Un écrivain est quelqu'un qui sait raconter une histoire en intéressant le lecteur même si celui-ci doit faire un effort pour comprendre. C'est exactement ce que fait Joseph Conrad : Ce n'est pas Jim qui raconte sa vie mais Marlow, un vieux capitaine avec qui il a eu une conversation dans un hôtel où " il y avait des couples bourgeois dont les voyages ne semblaient pas dissiper l"ennui qu'ils s'imposaient mutuellement" Comme la conversation se prolonge tard dans la nuit, Marlow raconte : "Derrière lui, la nuit sombre et l'éclat lointain des étoiles disposées en plans successifs donnaient l'impression de plonger son regard dans une obscurité plus totale encore" Au delà de l'histoire que Marlow va raconter en intercalant, au mépris de la chronologie, des témoignages glanés au cours de ses voyages, on sent très vite que ce n'est pas le récit qui est important mais la vie des marins, la dignité de l'homme, le sens de l'honneur et de la fidélité
Jim est bien sûr coupable d'avoir abandonné son navire dans un naufrage et ne se pardonne pas sa faute, mais ce qui est important c'est qu'il croit possible sa rédemption.
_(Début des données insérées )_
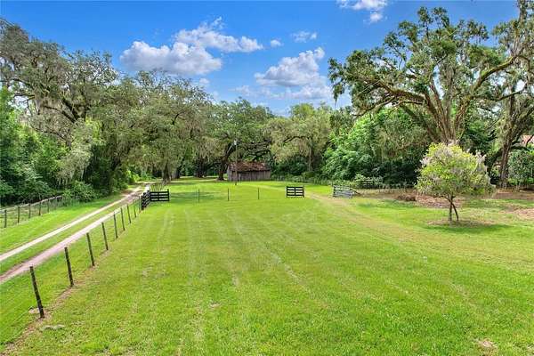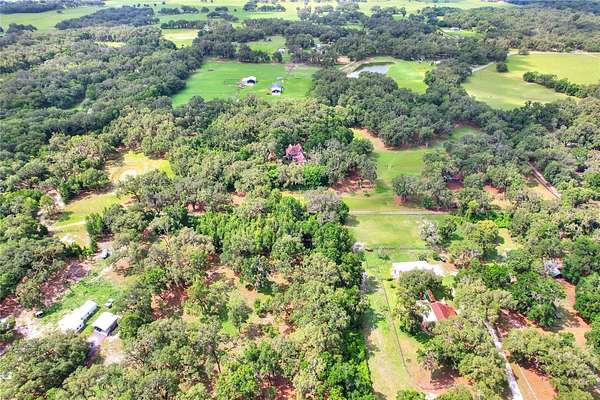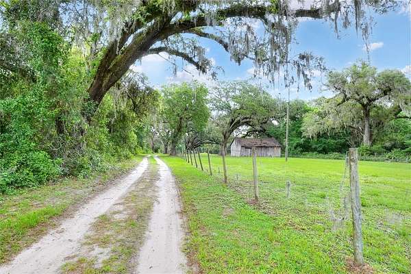Tucked beneath a cathedral of Grandfather Oaks in the heart of Bushnell, Wagon Wheel Ranch is more than land, it's a living, breathing canvas for your legacy. This 13.41 acre treasure blends the soul of old Florida with wide-open potential, inviting you to dream bigger, live deeper, and write your next chapter on your own terms. A winding, oak-canopied drive leads you through a uniquely C-shaped layout, designed by nature and perfect for creating multiple zones of living, working, or relaxing. The shape offers rare flexibility, from private retreats to multi-access functionality, allowing you to develop the land in ways most properties simply can't. At its heart sits a peaceful custom pond with a dock, perfect for sunrise reflections or sunset stillness. Wander further and you'll find a rustic early 1900s barn and charming utility outbuildings that echo stories of a simpler time. With power and water already on site, and multiple cleared, buildable areas, this property is ready for livestock, agriculture, a custom homestead or even an expansive family compound where you could build a true private oasis. 13.41 Acres, Fully Fenced & Livestock Ready;Zoned RR5C;Flood Zone X;Power & Water On Site;Multiple Homesite & Project Zones;16x20 and 20x20 Concrete-Floored Carports (2018) with Utilities;Historic 30x24 Barn (circa early 1900s);Peaceful Pond with Dock;No HOA. No Deed Restrictions. Just Freedom.
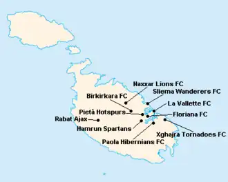 L'île de Malte étant relativement petite, les clubs évoluent tous au stade National Ta'Qali (17 400 places). Certain cependant ont leur propre enceinte qu'ils peuvent éventuellement utiliser.
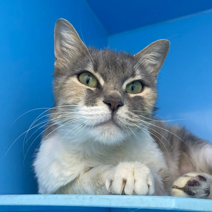 - Мамочка-героиня по имени Тыгыдык. Как только младшая партия станет кушать самостоятельно, эта невероятная трехцветная красота отправится на стерилизацию, после чего ее можно будет забрать в любящую и ответственную семью. Так что, кто мечтал о трехцветном счастье, присмотритесь!

C'est un rêveur ! " il n'est pas bon de s'apercevoir que l'on n'est pas capable de faire de son rêve une réalité parce qu'on n'est pas assez fort o pas assez intelligent" pourtant quelqu'un va donner sa chance à Jim en l'envoyant dans une île lointaine où son dévouement et son abnégation feront merveille. Il deviendra un dieu pour les habitants : "comme s'il avait était un de ces êtres d'exception dont seule l'ampleur de la gloire peut donner la mesure" Jim va rencontrer une jeune fille qui tombe amoureuse de lui : "sa tendresse planait sur Jim comme de grandes ailes palpitantes"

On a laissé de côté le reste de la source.